● **DATA FOR THE TASK**:
·····

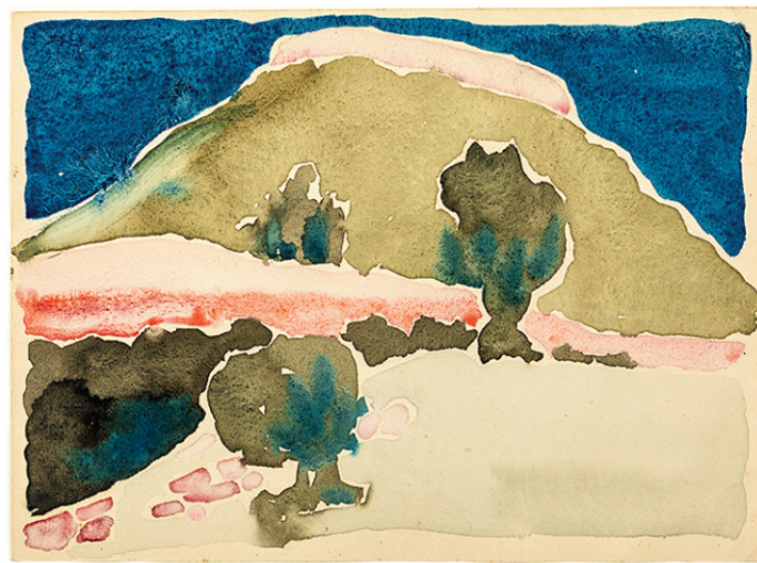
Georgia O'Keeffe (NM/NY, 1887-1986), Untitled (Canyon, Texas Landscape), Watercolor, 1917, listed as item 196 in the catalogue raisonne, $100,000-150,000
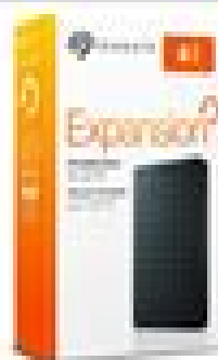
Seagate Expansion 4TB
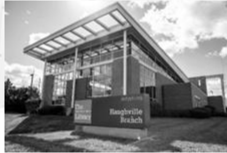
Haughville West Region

·····

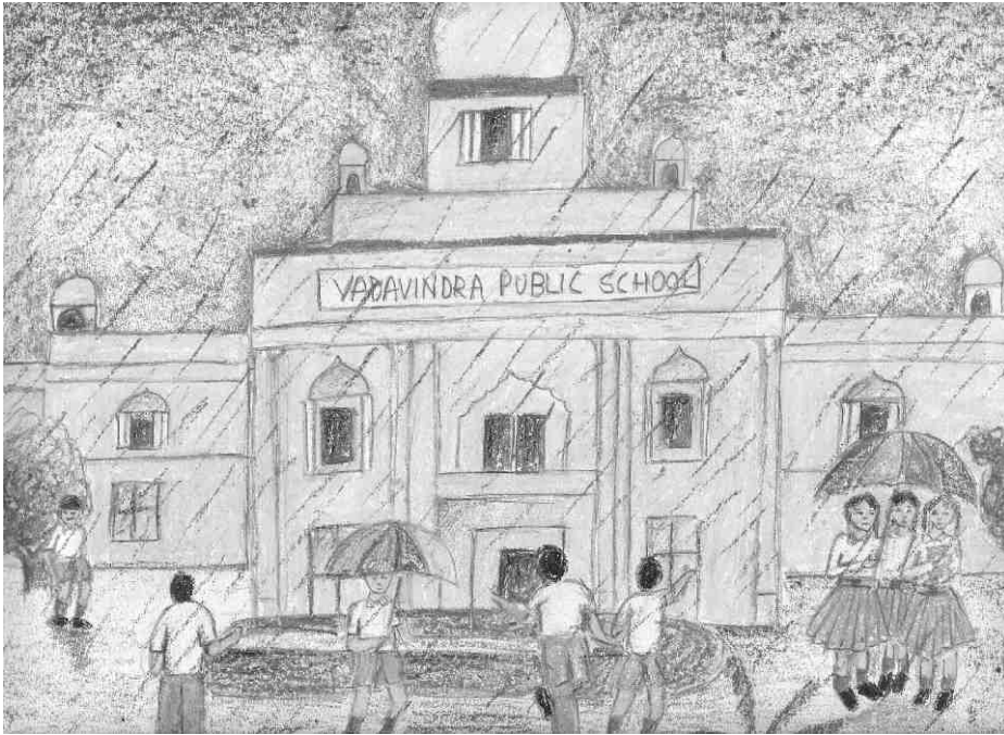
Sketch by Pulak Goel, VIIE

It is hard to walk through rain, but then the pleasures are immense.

·····

Reproduce, word for word, everything in the listing above from the line containing "Georgia O'Keeffe (NM/NY, 1887-1986), Untitled" down to the line containing "Haughville West Region", both of them included. No pictures.

Georgia O'Keeffe (NM/NY, 1887-1986), Untitled (Canyon, Texas Landscape), Watercolor, 1917, listed as item 196 in the catalogue raisonne, $100,000-150,000
Seagate Expansion 4TB
Haughville West Region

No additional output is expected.